3.1. Thermal Latency Responses in Diabetic Neuropathy Rats Treated with L-Serine

Thermal nociception and pain sensitivity were evaluated using the hot-plate test, with thermal latency (time to withdrawal response) recorded in seconds (Figure 2). Normal control rats exhibited a baseline thermal latency of 12.5 ± 0.8 s. The diabetic control group showed a significant increase to 18.2 ± 1.2 s (p < 0.01 vs. normal control), indicating the reduced pain sensitivity characteristic of diabetic neuropathy.
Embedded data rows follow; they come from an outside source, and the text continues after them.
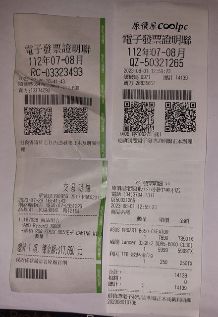 R9 7900X於2023-7月購自欣亞,ASUS B650-Creator 2023-8月購自原價屋
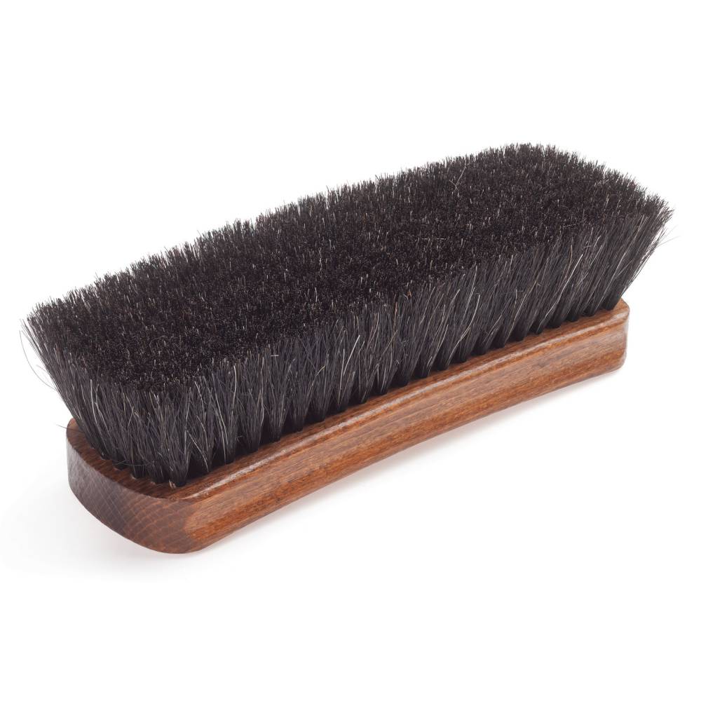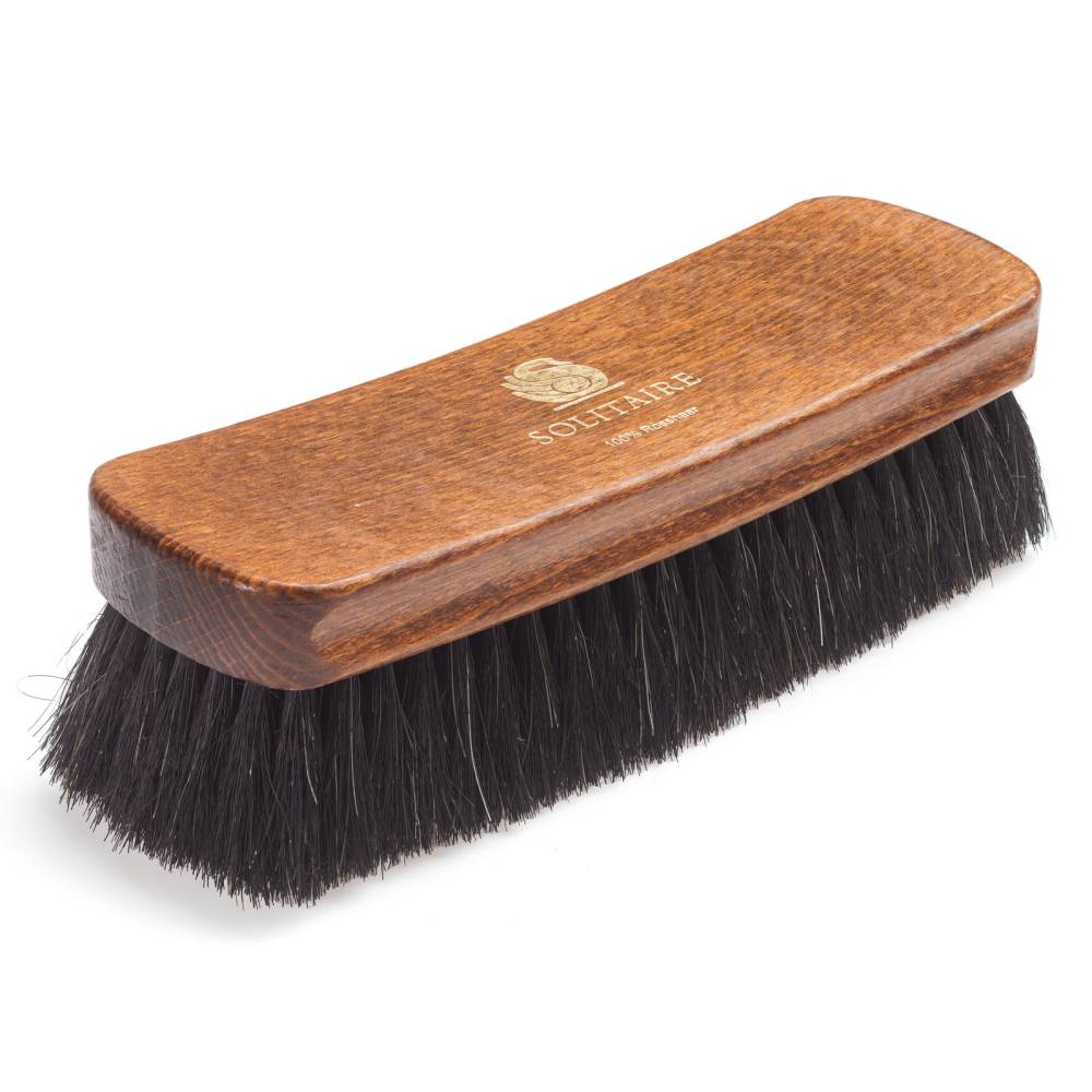 Большая щётка немецкой фирмы Solitaire c ворсом из натурального конского волоса чёрного цвета. Подходит для кремов на основе воска. Предназначена для полировки и распределения крема по коже. Основание выполнено из натурального дерева, выкрашенного в коричневый цвет и покрытого лаком.
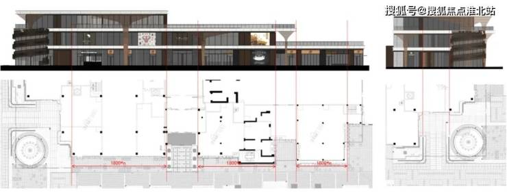 对缝——门窗以1800为模数,景观铺装宽度为600,玻璃划分与铺装对应.内凹位置作为调差段;景观铺装与示范区入口对应,于2,3层玻璃划分对应。
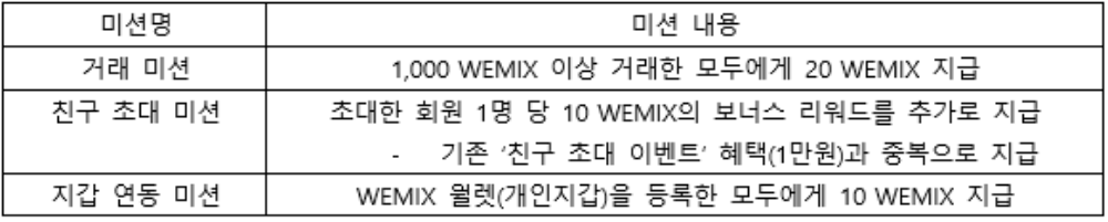 - 이벤트 내용: 달성에 성공한 미션의 WEMIX 리워드를 모두 합산하여 지급
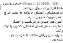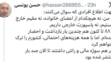 واکنش فرزند علی یونسی وزیر سابق اطلاعات به حواشی فضای مجازی؛ نه من، نه هیچکدام از اعضای خانواده، نه مقیم خارج هستیم، نه پاسپورت خارجی داریم

Pioglitazone (PIO) treatment reduced thermal latency to 14.1 ± 0.9 s (p < 0.01 vs. diabetic control), and high-dose L-serine (S2) similarly reduced it to 13.8 ± 0.7 s (p < 0.01 vs. diabetic control). In contrast, the low-dose L-serine treatment (S1) produced a thermal latency of 18.5 ± 1.1 s, which did not differ significantly from the diabetic control group (p > 0.05).
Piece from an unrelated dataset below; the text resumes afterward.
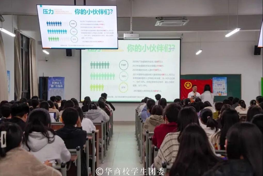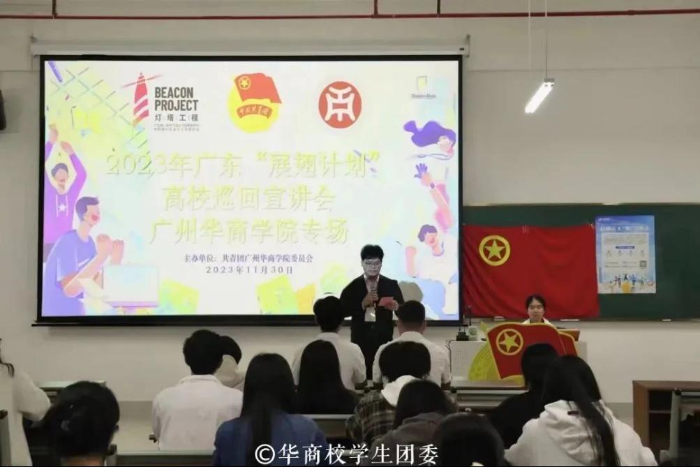 为深入学习党的二十大精神,进一步落实“展翅计划”广东共青团促进青年就业专项行动的工作要求,帮助华商青年更好地认识自我、探索自我,科学合理规划学业与职业发展,提升职业生涯规划能力,增强就业竞争力。2023年11月30日我校在肇庆校区16号楼103课室特开展2023年广东“展翅计划”高校巡回宣讲会——广州华商学院专场讲座。

3.2. Evaluation of Thermal Sensitivity Using Tail-Immersion Test in Diabetic Neuropathy Rats Treated with L-Serine

The tail-immersion test was performed to further evaluate thermal sensitivity, recording the tail-withdrawal latency in seconds for each rat in each group (Figure 3). Normal control rats showed a baseline tail-withdrawal latency of 14.2 ± 0.9 s. The diabetic control group exhibited a significant reduction to 4.1 ± 0.6 s (p < 0.01 vs. normal control), confirming the thermal hypoalgesia characteristic of diabetic neuropathy. PIO treatment yielded a tail-withdrawal latency of 4.5 ± 0.4 s, which did not differ significantly from the diabetic control (p > 0.05). The low-dose and high-dose L-serine groups showed tail-withdrawal latencies of 4.2 ± 0.4 s and 4.8 ± 0.5 s, respectively; neither differed significantly from diabetic rats (p > 0.05).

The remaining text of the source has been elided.